** WHAT NEEDS TO BE DONE **
Output, exactly as written, the lines below starting at the line containing "ジョー・クールのプリントがかわいい収納ボックス 別サイズとも積み重ねて便利に使える 水回りでも安心して使えるプラスチック製" and ending at the line containing "Mit dem Meiko". Drop the pictures and keep both end lines.

Extracted data entries:

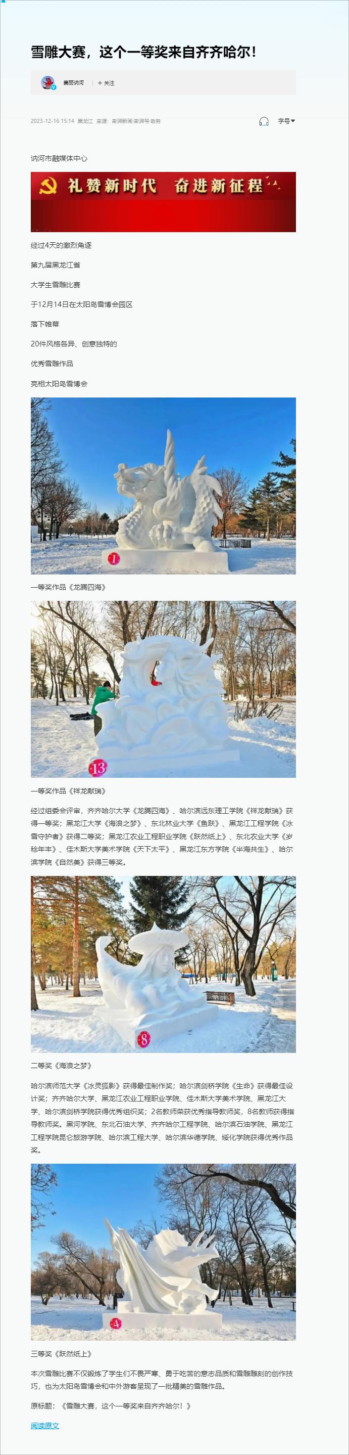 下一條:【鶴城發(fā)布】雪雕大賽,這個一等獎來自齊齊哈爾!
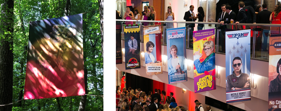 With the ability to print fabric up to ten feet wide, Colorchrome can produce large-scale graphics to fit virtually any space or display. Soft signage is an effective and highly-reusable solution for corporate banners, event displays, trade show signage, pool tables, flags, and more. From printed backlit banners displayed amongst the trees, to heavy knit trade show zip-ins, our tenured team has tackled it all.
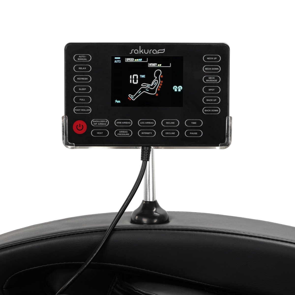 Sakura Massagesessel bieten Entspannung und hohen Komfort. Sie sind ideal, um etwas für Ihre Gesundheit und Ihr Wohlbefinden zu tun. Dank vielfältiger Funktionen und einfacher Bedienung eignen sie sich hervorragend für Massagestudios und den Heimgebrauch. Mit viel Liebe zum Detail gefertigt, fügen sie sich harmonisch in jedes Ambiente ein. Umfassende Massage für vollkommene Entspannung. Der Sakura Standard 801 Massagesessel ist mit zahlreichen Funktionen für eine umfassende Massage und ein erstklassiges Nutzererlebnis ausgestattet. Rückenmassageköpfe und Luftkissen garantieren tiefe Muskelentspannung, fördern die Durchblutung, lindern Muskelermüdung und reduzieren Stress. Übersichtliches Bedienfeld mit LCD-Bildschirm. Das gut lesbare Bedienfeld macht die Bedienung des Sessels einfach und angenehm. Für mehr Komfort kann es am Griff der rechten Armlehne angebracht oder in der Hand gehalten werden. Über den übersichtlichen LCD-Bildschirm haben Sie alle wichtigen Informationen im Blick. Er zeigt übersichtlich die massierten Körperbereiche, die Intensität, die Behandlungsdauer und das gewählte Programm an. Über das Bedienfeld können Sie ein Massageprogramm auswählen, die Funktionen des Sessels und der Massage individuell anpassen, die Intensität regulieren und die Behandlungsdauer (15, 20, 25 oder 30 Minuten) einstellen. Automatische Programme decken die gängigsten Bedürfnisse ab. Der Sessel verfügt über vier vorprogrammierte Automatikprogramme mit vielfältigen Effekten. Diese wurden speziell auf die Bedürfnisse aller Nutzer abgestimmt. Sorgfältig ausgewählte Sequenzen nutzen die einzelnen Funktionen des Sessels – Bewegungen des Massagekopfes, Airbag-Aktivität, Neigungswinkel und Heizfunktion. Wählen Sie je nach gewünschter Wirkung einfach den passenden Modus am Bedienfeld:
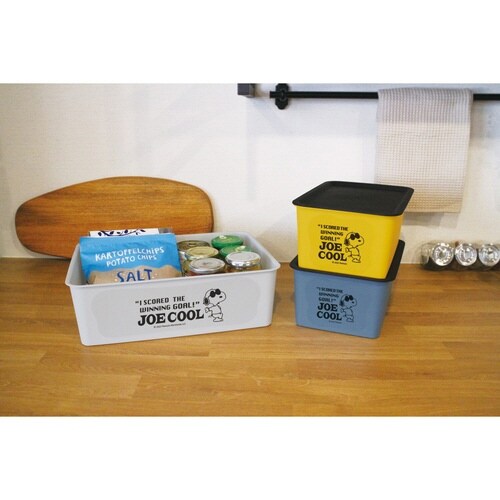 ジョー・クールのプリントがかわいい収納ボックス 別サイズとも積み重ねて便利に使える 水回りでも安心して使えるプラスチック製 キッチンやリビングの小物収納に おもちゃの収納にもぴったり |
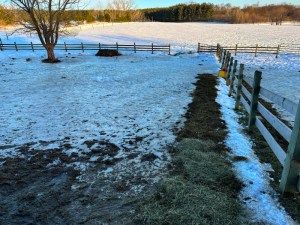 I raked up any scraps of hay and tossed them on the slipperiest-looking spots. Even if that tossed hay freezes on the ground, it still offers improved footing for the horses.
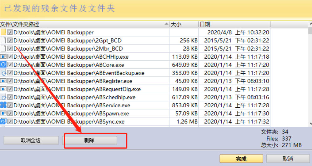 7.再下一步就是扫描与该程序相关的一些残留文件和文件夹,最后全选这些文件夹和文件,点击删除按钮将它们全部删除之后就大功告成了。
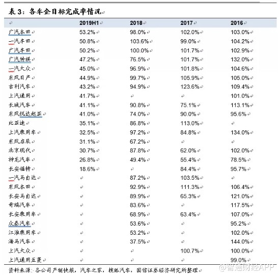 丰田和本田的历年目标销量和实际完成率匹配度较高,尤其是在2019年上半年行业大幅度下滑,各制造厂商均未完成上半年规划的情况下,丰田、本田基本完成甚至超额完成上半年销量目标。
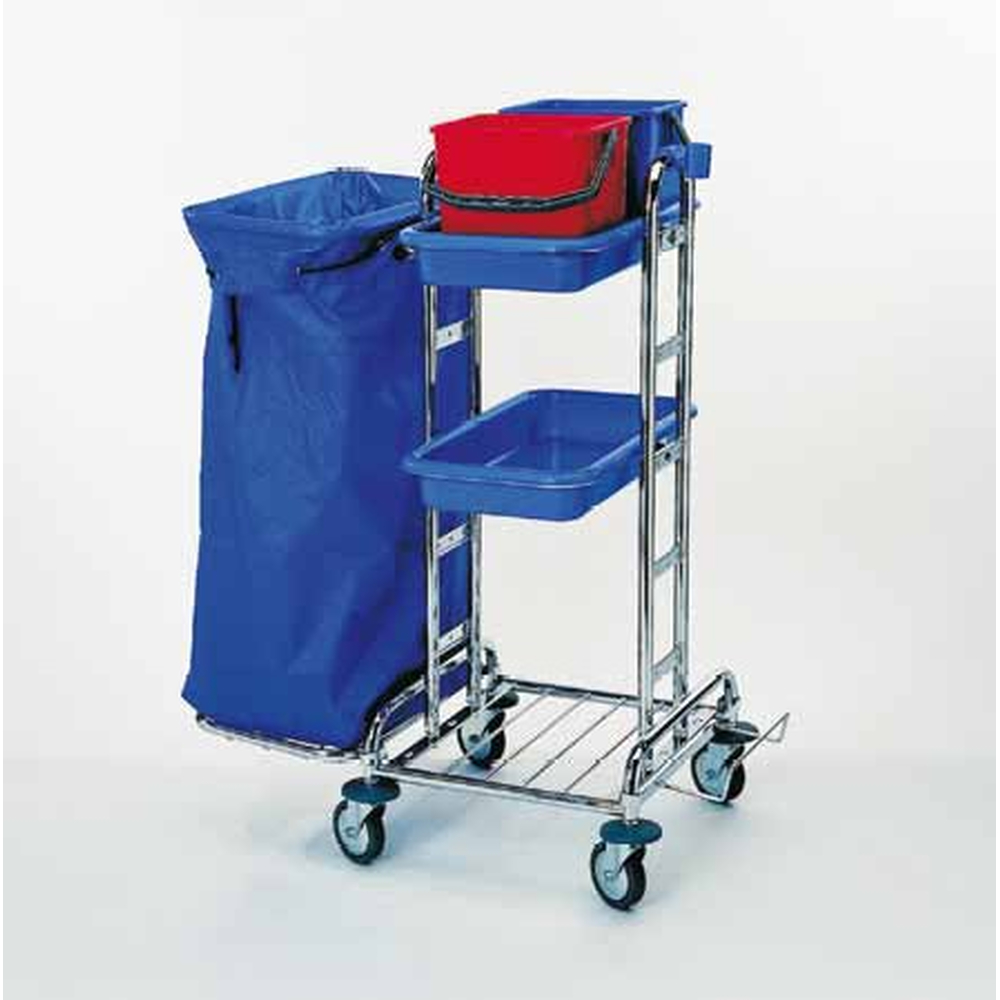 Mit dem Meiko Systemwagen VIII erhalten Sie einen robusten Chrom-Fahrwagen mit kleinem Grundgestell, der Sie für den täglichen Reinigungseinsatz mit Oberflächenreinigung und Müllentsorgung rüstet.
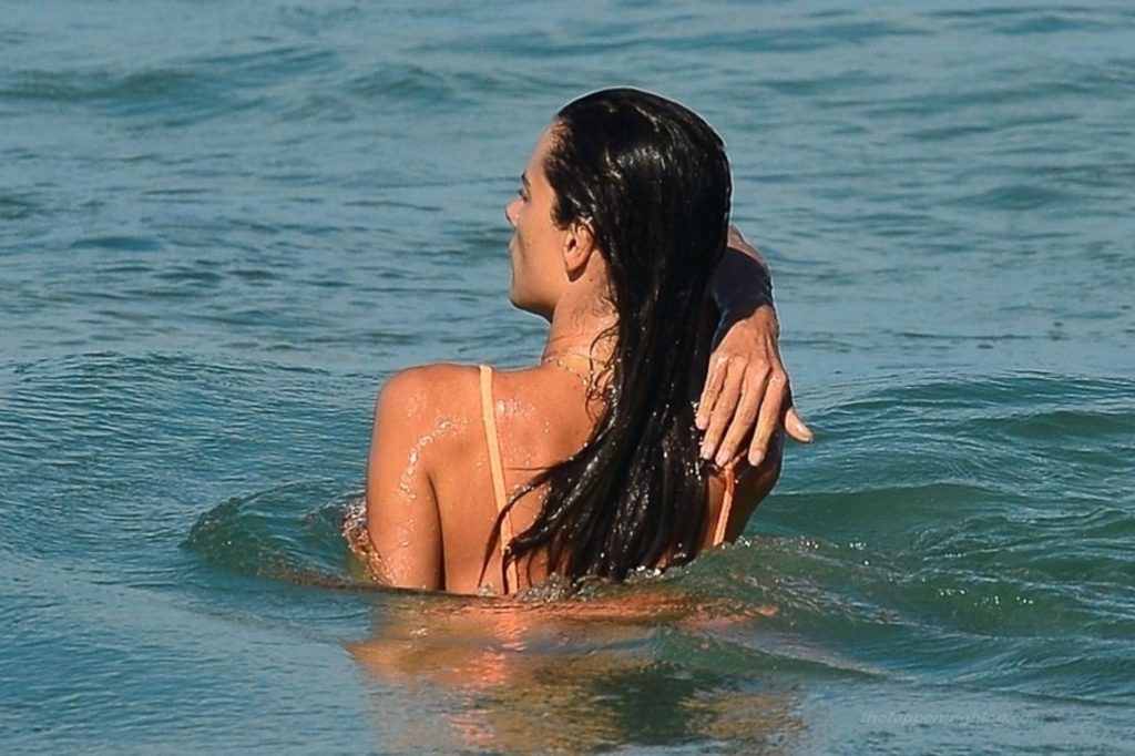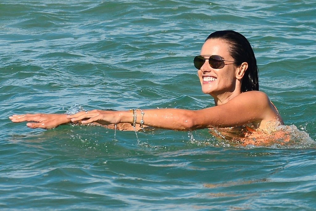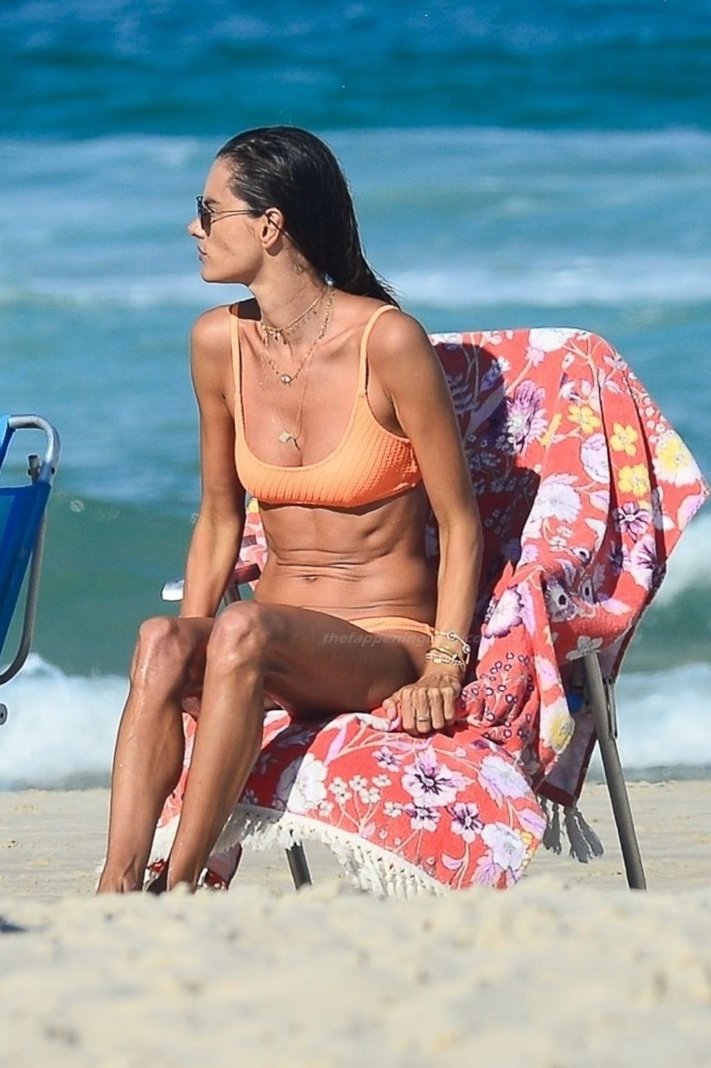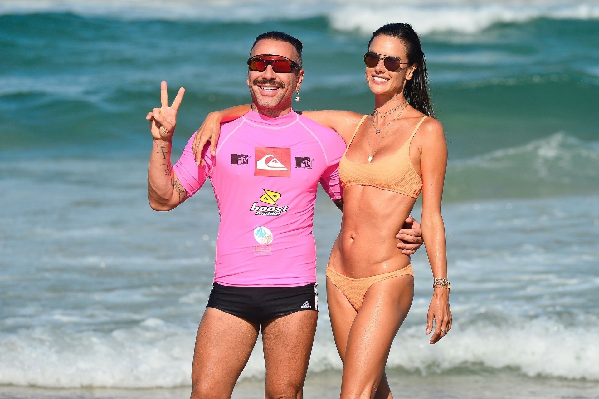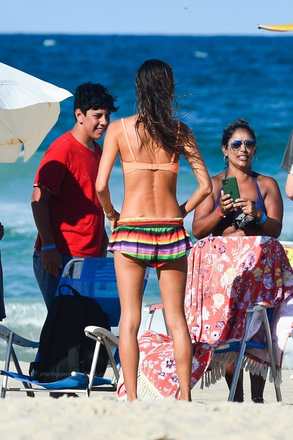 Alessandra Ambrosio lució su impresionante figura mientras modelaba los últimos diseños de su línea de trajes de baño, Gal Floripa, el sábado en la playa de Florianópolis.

** ANSWER TO THIS PROBLEM **
 ジョー・クールのプリントがかわいい収納ボックス 別サイズとも積み重ねて便利に使える 水回りでも安心して使えるプラスチック製 キッチンやリビングの小物収納に おもちゃの収納にもぴったり |
 I raked up any scraps of hay and tossed them on the slipperiest-looking spots. Even if that tossed hay freezes on the ground, it still offers improved footing for the horses.
 7.再下一步就是扫描与该程序相关的一些残留文件和文件夹,最后全选这些文件夹和文件,点击删除按钮将它们全部删除之后就大功告成了。
 丰田和本田的历年目标销量和实际完成率匹配度较高,尤其是在2019年上半年行业大幅度下滑,各制造厂商均未完成上半年规划的情况下,丰田、本田基本完成甚至超额完成上半年销量目标。
 Mit dem Meiko Systemwagen VIII erhalten Sie einen robusten Chrom-Fahrwagen mit kleinem Grundgestell, der Sie für den täglichen Reinigungseinsatz mit Oberflächenreinigung und Müllentsorgung rüstet.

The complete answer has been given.